#### Your task:
Would you print exactly the lines that begin the listing and continue through the line holding "Esta guía explica"? No pictures, please.

────────────────────────────────────────

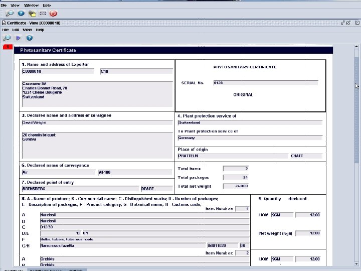 Single Window Environment Global Business Processes On-line status of PSC Applicant / Trader - Exchange of pre-arrival data (confirmation of arrival in the country of destination) Request for PSC in electronic format On-line status of PSC NPPO NPP NL Processing of request Inform trader No Request approved ? Yes Customs Processing of SAD; Automatically : • Control: validity of license • Customs declaration vs. license • Write-off license • Apply risk-management
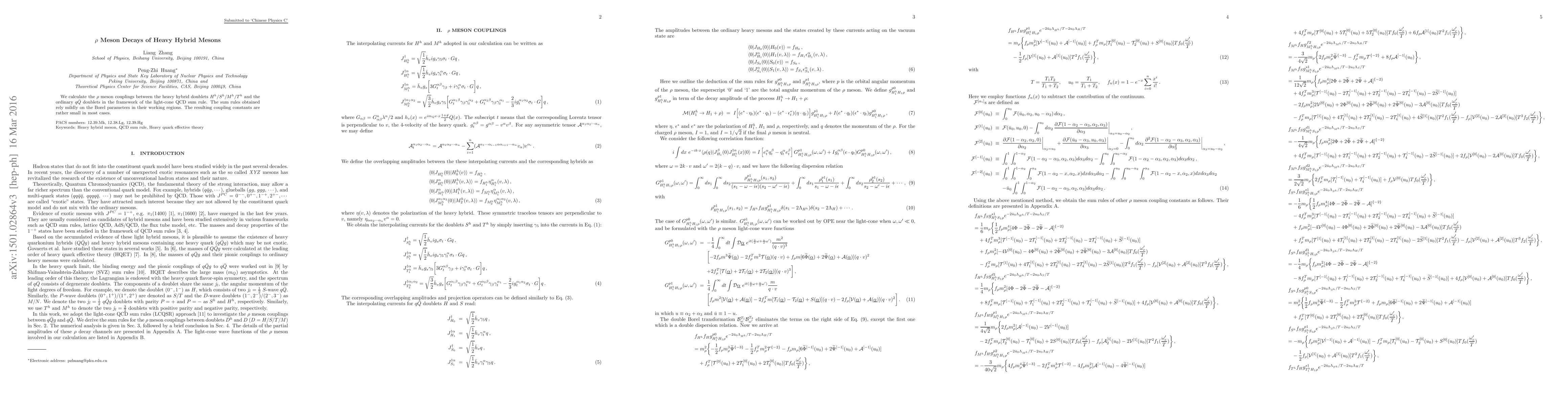 We calculate the $\rho$ meson couplings between the heavy hybrid doublets H^h/S^h/M^h/T^h and the ordinary q\bar{Q} doublets in the framework of the light-cone QCD sum rule. The sum rules obtained rely mildly on the Borel parameters in their working regions. The resulting coupling constants are rather small in most cases.
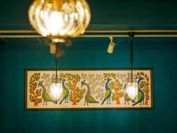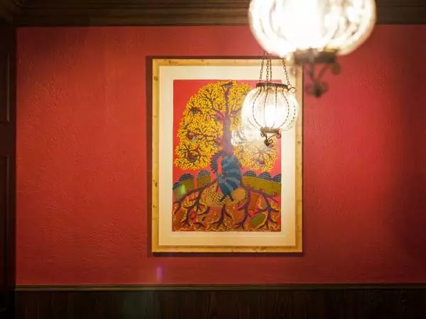 壁にかかっているのは、店名の由来になっている「ゴンド画」。インド現地で買い付けたものだそう。インドの真ん中あたり、マディヤ・プラデーシュ州周辺に住むゴンド族という先住民族が描くゴンド画(GOND ART)はアート界で人気。
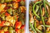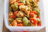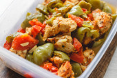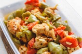 Gulasz z kurczaka i różne warzywa-papryka, pomidor, cukinia w
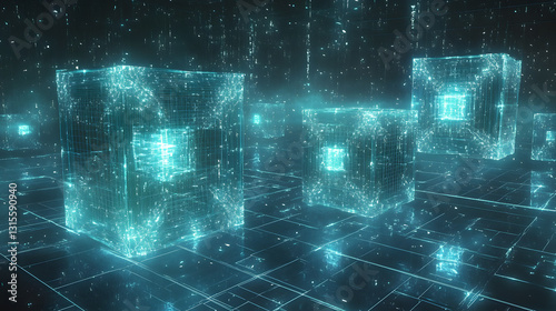 The watermark will not be included on Wall mural.: A high-resolution digital artwork depicting a futuristic blockchain concept with glowing blue cubes
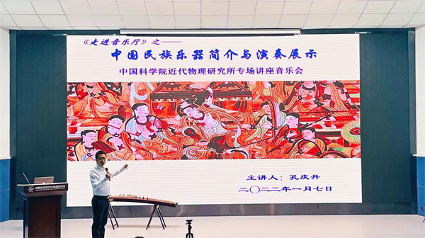本次論壇以《<走進(jìn)音樂(lè )廳>之中科院近代物理所新年民樂(lè )專(zhuān)場(chǎng)講座》為主題,報告人孔慶丹教授來(lái)自于西北師范大學(xué)音樂(lè )學(xué)院,報告人詳細介紹了包括笛、嗩吶、笙、二胡、琵琶、柳琴、阮、箏等在內的多種傳統民間樂(lè )器,同時(shí)配以現場(chǎng)演奏的方式,使得大家認識欣賞樂(lè )器的同時(shí)也深入了解了各類(lèi)民樂(lè )的表現形式以及音樂(lè )廳文化,對民樂(lè )有了更加立體、直觀(guān)的認識。報告結束,大家就如何提高個(gè)人藝術(shù)修養以及對青少年的音樂(lè )啟蒙教育等問(wèn)題與主講人進(jìn)行了熱烈的探討和交流。
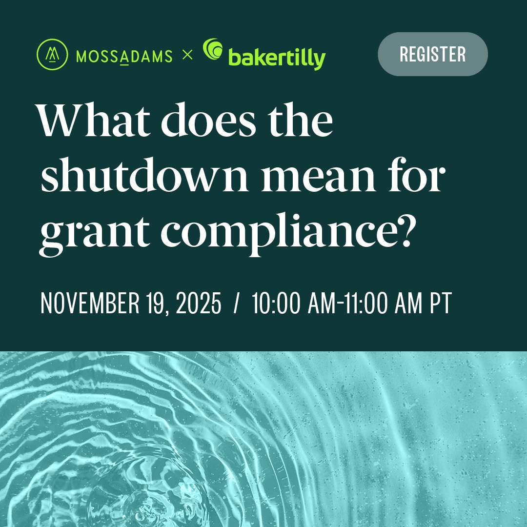 Join us for our webcast, Shutdown and OMB Impacts on Accounting and Compliance, in which we’ll discuss accounting complexities for now inactive awards, impacts to revenue recognition, and the schedule of expenditures of federal awards (SEFA).
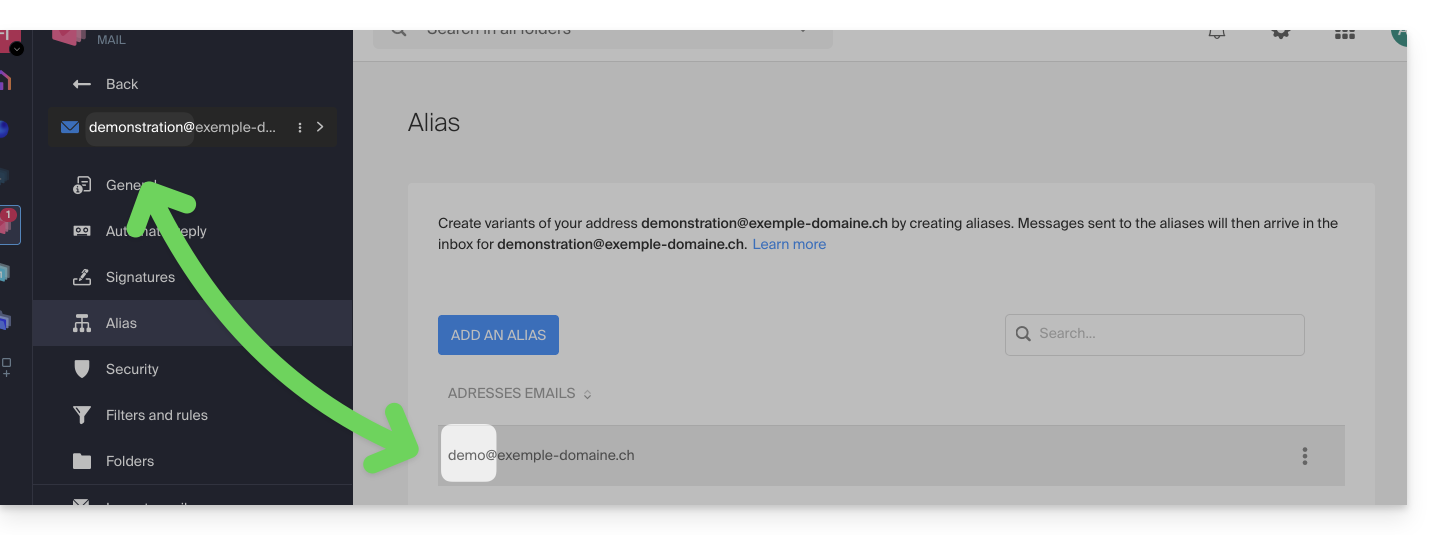 Esta guía explica cómo configurar una dirección de envío y respuesta diferente a la dirección de correo electrónico utilizada en la plataforma Infomaniak.
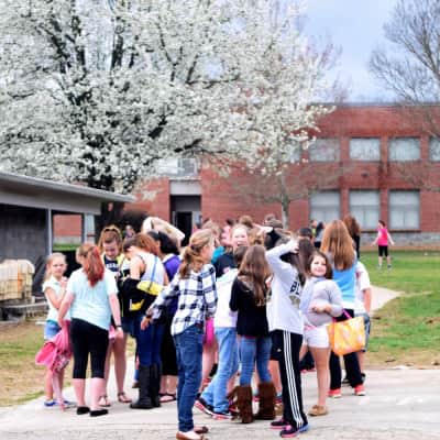 In Clay County, 1,485 elementary (pre-K to grade 4), middle (grades 5-8), and high school students attend three schools on one 52-acre campus against the backdrop of some breathtaking mountains. All of the schools run on the same bell schedule: 7:55am to 3:00pm. The school buses bring all of the students into campus – with kids of all ages riding the same bus.
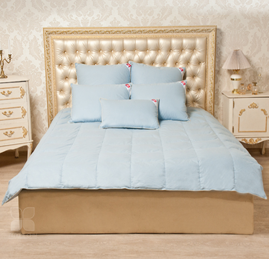 Одеяла выпускаются в двух вариантах цвета: небесно-голубой и теплый — шампань из пуходержащего тика, по периметру отделка шелковым кантом, оттеняющим его своим блеском.
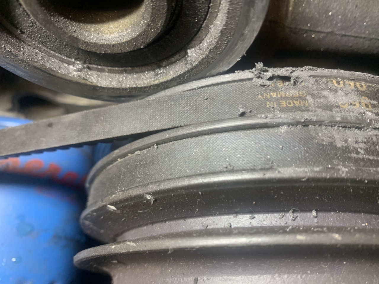 IL EST CÔTÉ EXTÉRIEUR.donc ça a frotté la poulie et voilà la source de la poussière de métal…
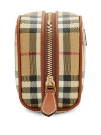 small Check travel pouch Highlights - Archive beige - All-around zip fastening - Main compartment - Applique logo - Piped-trim detailing Imported Composition Outer: Calf Leather 100%, Polyurethane 55%, Polyester 25%, Cotton 20% Lining: Cotton 71%, Polyamide 29% SIZE & FIT Measurement DEPTH 2.95 in(7.5 cm) HEIGHT 4.52 in(11.5 cm) WIDTH 7.48 in(19 cm)
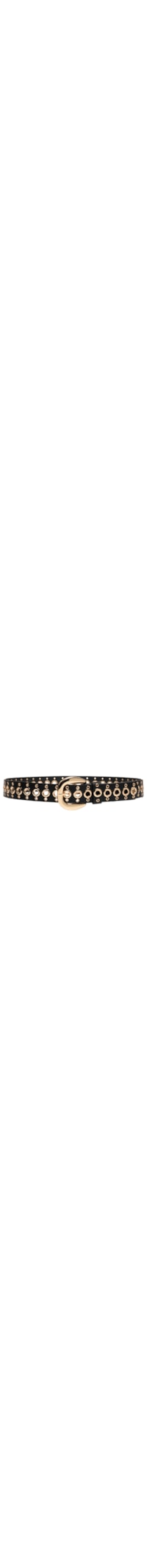 O cinto preto é produzido em material sintético.A peça possui espessura média, aplicação de ilhoses e tachas metálicas com formato redondo com perfuros e fechamento frontal por fivela metálica.
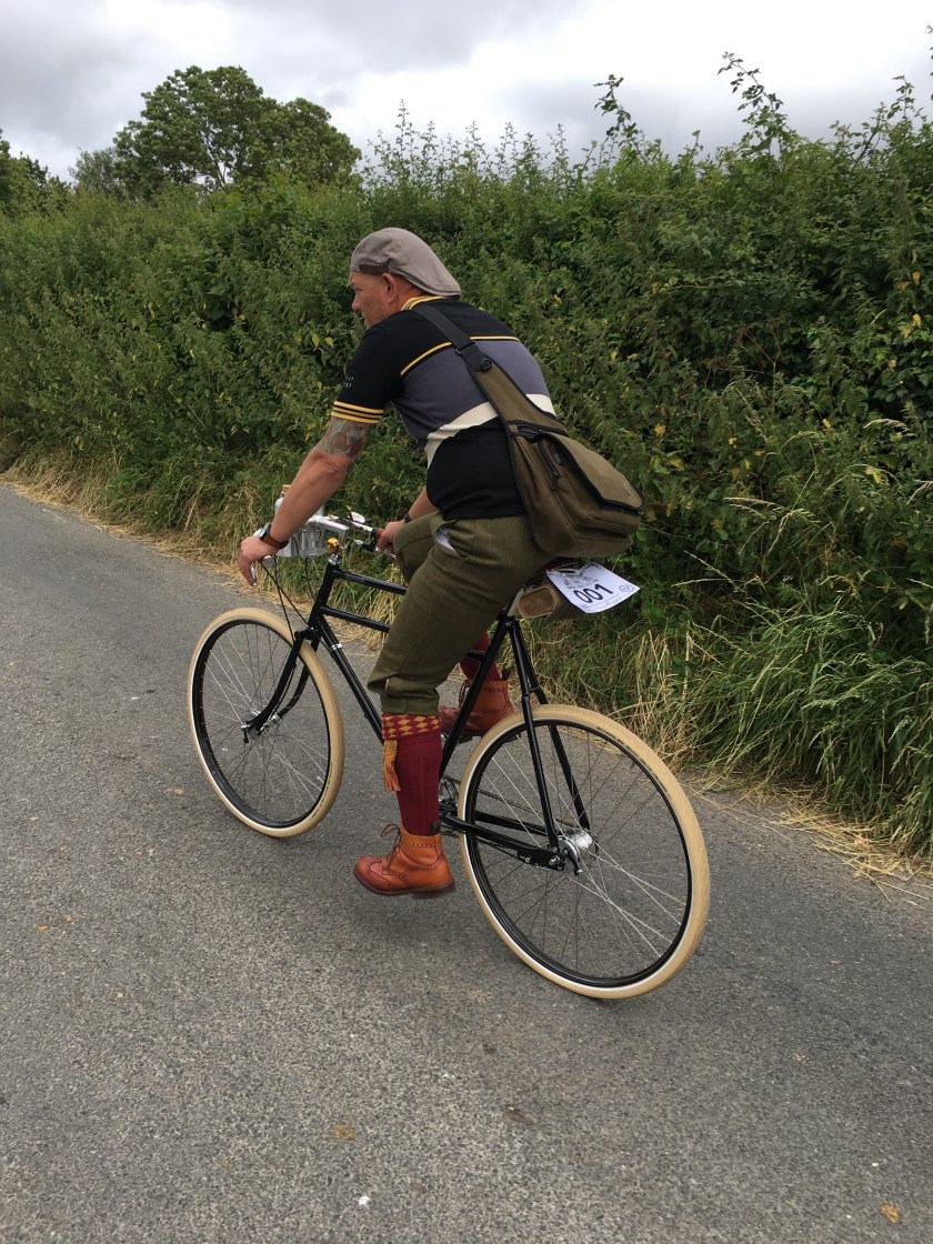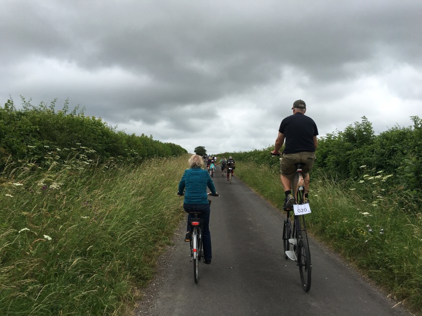 The ride started out of showground just south of the town centre, we were all kindly guided out onto the main road by the event staff and we were on our way. Working our way through the town centre we headed through Pamphill and toward Shapwick down narrow, high hedged, country lanes synonymous with our south western countryside. The bunch held together with only one stop for a rod brake based mechanical issue. Shapwick was the halfway point of the ride, taking refreshment in the Anchor Inn. There were various takes on the mid ride recuperation with alchohol, caffeine, and good old H2O being quaffed in equal measures. I obviously opted for a swift ale but was limited in choice, if you are reading this The Anchor Inn you need to up your beer game – there were far to many lagers on tap! and not a new world hop to be seen.

────────────────────────────────────────

#### Exercise result:
 Single Window Environment Global Business Processes On-line status of PSC Applicant / Trader - Exchange of pre-arrival data (confirmation of arrival in the country of destination) Request for PSC in electronic format On-line status of PSC NPPO NPP NL Processing of request Inform trader No Request approved ? Yes Customs Processing of SAD; Automatically : • Control: validity of license • Customs declaration vs. license • Write-off license • Apply risk-management
 We calculate the $\rho$ meson couplings between the heavy hybrid doublets H^h/S^h/M^h/T^h and the ordinary q\bar{Q} doublets in the framework of the light-cone QCD sum rule. The sum rules obtained rely mildly on the Borel parameters in their working regions. The resulting coupling constants are rather small in most cases.
 壁にかかっているのは、店名の由来になっている「ゴンド画」。インド現地で買い付けたものだそう。インドの真ん中あたり、マディヤ・プラデーシュ州周辺に住むゴンド族という先住民族が描くゴンド画(GOND ART)はアート界で人気。
 Gulasz z kurczaka i różne warzywa-papryka, pomidor, cukinia w
 The watermark will not be included on Wall mural.: A high-resolution digital artwork depicting a futuristic blockchain concept with glowing blue cubes
本次論壇以《<走進(jìn)音樂(lè )廳>之中科院近代物理所新年民樂(lè )專(zhuān)場(chǎng)講座》為主題,報告人孔慶丹教授來(lái)自于西北師范大學(xué)音樂(lè )學(xué)院,報告人詳細介紹了包括笛、嗩吶、笙、二胡、琵琶、柳琴、阮、箏等在內的多種傳統民間樂(lè )器,同時(shí)配以現場(chǎng)演奏的方式,使得大家認識欣賞樂(lè )器的同時(shí)也深入了解了各類(lèi)民樂(lè )的表現形式以及音樂(lè )廳文化,對民樂(lè )有了更加立體、直觀(guān)的認識。報告結束,大家就如何提高個(gè)人藝術(shù)修養以及對青少年的音樂(lè )啟蒙教育等問(wèn)題與主講人進(jìn)行了熱烈的探討和交流。
 Join us for our webcast, Shutdown and OMB Impacts on Accounting and Compliance, in which we’ll discuss accounting complexities for now inactive awards, impacts to revenue recognition, and the schedule of expenditures of federal awards (SEFA).
 Esta guía explica cómo configurar una dirección de envío y respuesta diferente a la dirección de correo electrónico utilizada en la plataforma Infomaniak.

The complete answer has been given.